Wednesday, March 24, 2010

MIDWAY



DIRECTED BY JASON REITMAN
STARRING: GEORGE CLOONEY, VERA FARMIGA, ANNA KENDRICK, MELANIE LYNSKEY, JASON BATEMAN

It’s a good thing that the writers (and director) started with trying to give us a hang of the whole thing, because, for all I know, there are the excessively air-sick people who might not take to the frequent flying over here, or might take to it in a wholly adverse manner. And what with the finesse in everything, from wearing of suit-tie to the clapping-shut of cases, and not to mention the swirl of trolley-bag, backed by a voice-over by the protagonist, ‘Up in the Air’ begins (and one can very well say that) to be a rocket-ride of sorts. But you know it has to tire down and maybe even cease to be, some time, because that’s what they’re advocating, and by ‘they’, I mean the people who are in it: The names of Ryan Bingham and Natalie Keener.

It’s a very nice set-up: very tight, prospective.

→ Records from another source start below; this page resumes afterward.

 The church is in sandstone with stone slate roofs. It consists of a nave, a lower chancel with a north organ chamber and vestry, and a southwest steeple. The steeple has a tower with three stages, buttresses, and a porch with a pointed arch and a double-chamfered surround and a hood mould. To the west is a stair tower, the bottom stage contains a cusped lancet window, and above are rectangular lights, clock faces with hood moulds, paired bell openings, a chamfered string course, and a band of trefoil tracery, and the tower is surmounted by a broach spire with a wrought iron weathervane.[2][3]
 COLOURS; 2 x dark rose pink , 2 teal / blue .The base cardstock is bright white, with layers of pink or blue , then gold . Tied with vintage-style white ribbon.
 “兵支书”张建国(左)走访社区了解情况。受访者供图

A man who does things solely for the love of doing it, and who doesn’t do the rest because he sees no point in them, finds a woman who could be an exact match, a mirror-image potential, in exactly the terms she herself mentions to him in a profanely humourous way got me asking one thing, straight out: Could what’s growing between them be called ‘love’, or could it even be related to it in the most obscure way possible? That’s precisely what’s expected of me, I guess, and by asking it, I had fulfilled the entire point of that aspect of the film. The other aspect, the ‘exterminator’ outfit, with the accompanying guilt, sounding more in the kid than the mentor, who has enough behind him to look grave and battle-worn and say “that’s what they do all the time”, is unquestionable, citing its genuineness. It is never said that they like what they’re doing: Ryan flies and that’s pretty much all he sees in the whole thing, because he’s the no-attachment-no-belonging person who finds some nice shoes that fit him. Natalie does what she does for the sake of a guy who is only to leave her. It’s a sordid turn to a solely-professional, career-related progression of plot. And it is intended.

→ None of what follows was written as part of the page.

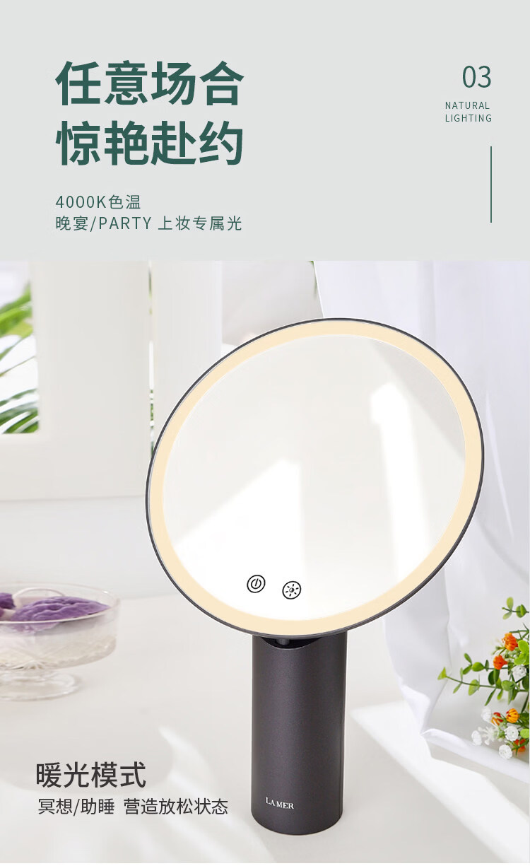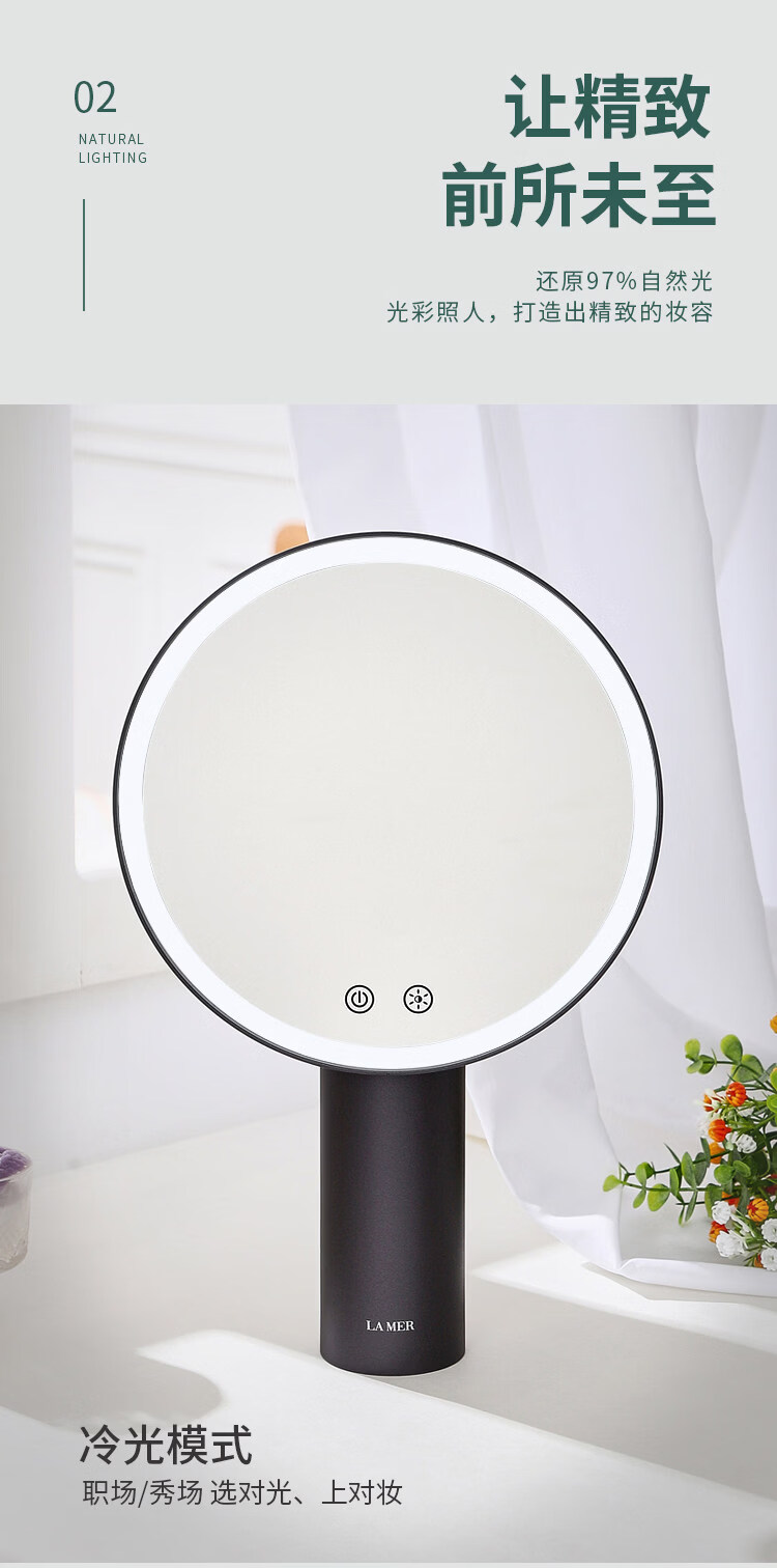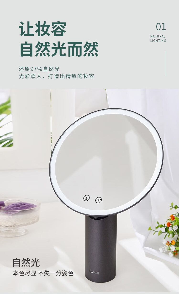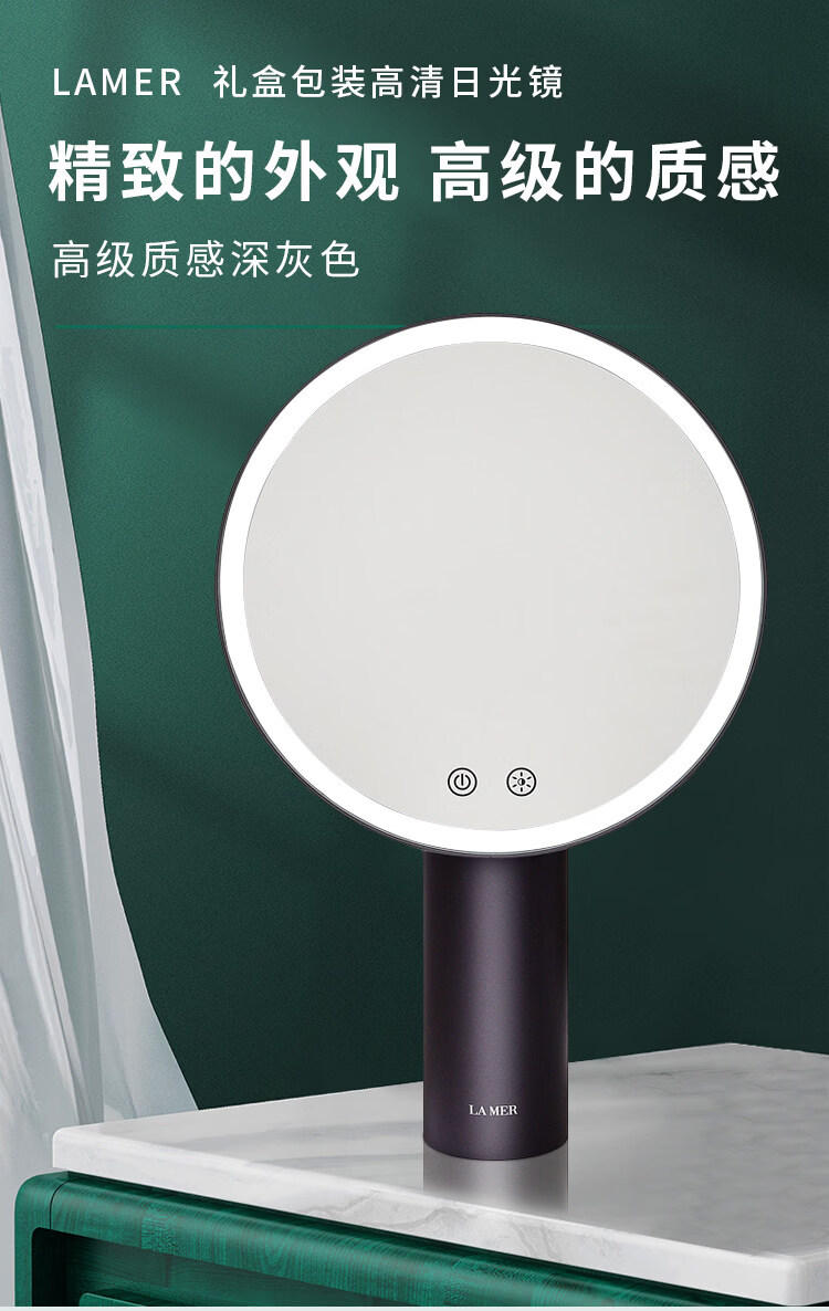 Cosmetic mirror desktop LED with light desktop Internet celebrity sun mirror fill light dressing light mirror gift Dyson gray (gift box + shopping bag + 5x magnification magnetic mirror)

I could have done with a little more perspective. Everything’s fine, I mean, the whole ‘nostalgic trip’ is no guessing game, you know for sure it’s about to come, all the flying has got to crash there some time, because that’s where one finds the ground. And here, risking sounding like a fan of ‘Hannah Montana: The Movie’, (which I definitely am not) I wished we could have crashed a little harder, or a little longer, whichever could have left a better mark. Probably this portion of the film is fine and it’s Ryan that’s to blame, saying so little about what he has in mind, merely being suggestive, through alterations in his pet ‘backpack theory’ in course of time, and we get to see a transition coming up all along that we fail to see how Ryan is evolving to bring that about, only because it’s not shown. Having established him as a person who has a clear idea about why he’s doing what he’s doing, and having helped us get in pace with the whole of his character, it feels more than hurtful when wounded at last shot: It feels juvenile. It is tough to digest that a man like Ryan couldn’t have seen that coming, because I didn’t, and I had a feeling that I was living like him all through. Infidelity (in so called ‘practicality’) is said to have been subtly written in, but it only served to be a road-block, at least to me. I could have done with a more ‘to the ground’ twist to the tale, an ‘in the face’ sort than to have presented the vixen as vile: I can never digest that, it’s ‘Eternal Sunshine of the Spotless Mind’ all over again, for me.

‘You are where you belong, and you’d better belong there’. It’s loud and clear that it’s Ryan’s cue to get back to where he belongs to, where he’s from (“I’m from here”. I loved that line), a ‘back to ground’ sort for the one who flies, it’s just that I only felt that a man like him wouldn’t suffer in the first place, to know. The film is filled with its moments, and Anna Kendrick hardly has her tongue off her cheek, (the girl who so effortlessly made us hate her in the 2007 independent, ‘Rocket Science’) and proves to be a charmer all the way, making wonder why she didn’t get her statuette. The ‘earthlings’ have a lot to say in the less they say, although the ‘misfits’ could have made themselves clear (or maybe they have, I don’t know). ‘Up in the Air’, otherwise, is a level cruise, with a little bump and a hurtful bruise.